Given records =>
※
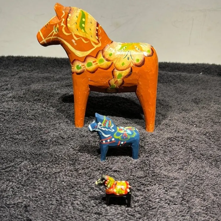 Säljer tre fina handmålade Dalahästar i olika storlekar. Den största är brun/orange (gammal), den mellersta blå och den minsta svart. Perfekta som dekoration eller samlarobjekt. Inga signaturer
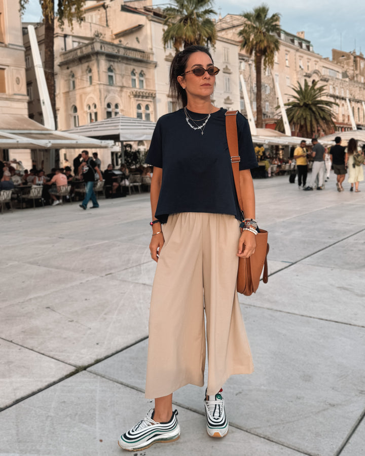 Su corte amplio tipo culotte crea una silueta fluida y moderna con cortes limpiosque reflejan el espíritu effortless y comfy chic de la marca. La pretina elásticaasegura un ajuste versátil que se adapta a diferentes tipos de cuerpo, manteniendo la caída natural y equilibrada del diseño, ofrece una textura técnica y ligera que combina elasticidad, estructura y comodidad.
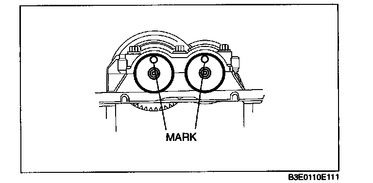 5. With the balancer unit marks at the exact top center, assemble the unit to the cylinder block.
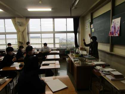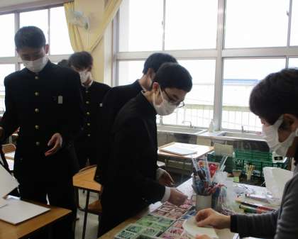 3年2組の美術は、卒業に向けてのメッセージカードを作っています。
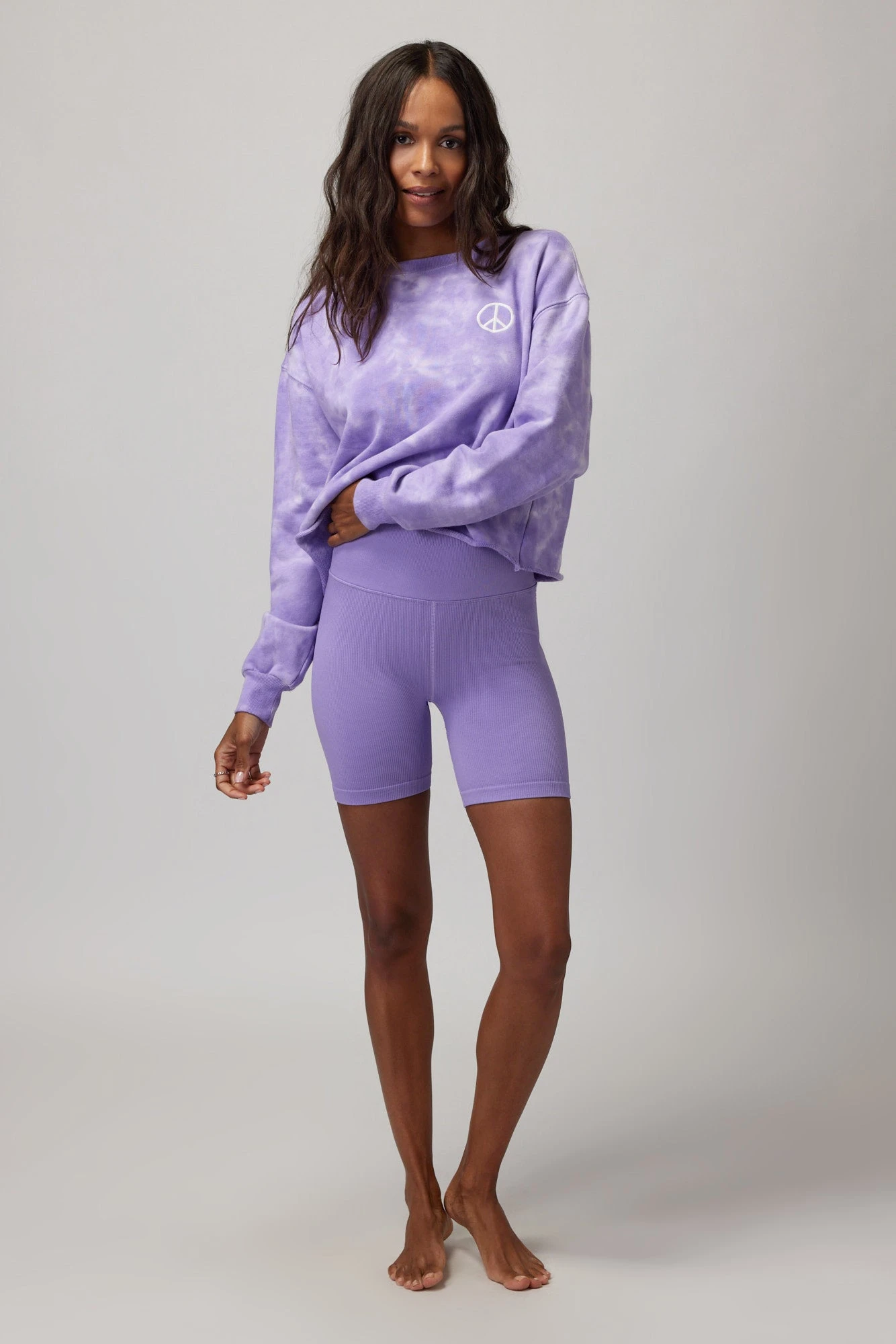 Our popular Mazzy sweatshirt gets a tie dye update this season. Featuring a raw edge, relaxed crop fit, and a classic crew neck, super soft cotton blend terry delivers breathable coziness, perfect to throw on after your early morning flow or late-night meditation.
※
Exercise directions =>
What you give back must match the material above exactly, minus its pictures.

Written solution =>
 Säljer tre fina handmålade Dalahästar i olika storlekar. Den största är brun/orange (gammal), den mellersta blå och den minsta svart. Perfekta som dekoration eller samlarobjekt. Inga signaturer
 Su corte amplio tipo culotte crea una silueta fluida y moderna con cortes limpiosque reflejan el espíritu effortless y comfy chic de la marca. La pretina elásticaasegura un ajuste versátil que se adapta a diferentes tipos de cuerpo, manteniendo la caída natural y equilibrada del diseño, ofrece una textura técnica y ligera que combina elasticidad, estructura y comodidad.
 5. With the balancer unit marks at the exact top center, assemble the unit to the cylinder block.
 3年2組の美術は、卒業に向けてのメッセージカードを作っています。
 Our popular Mazzy sweatshirt gets a tie dye update this season. Featuring a raw edge, relaxed crop fit, and a classic crew neck, super soft cotton blend terry delivers breathable coziness, perfect to throw on after your early morning flow or late-night meditation.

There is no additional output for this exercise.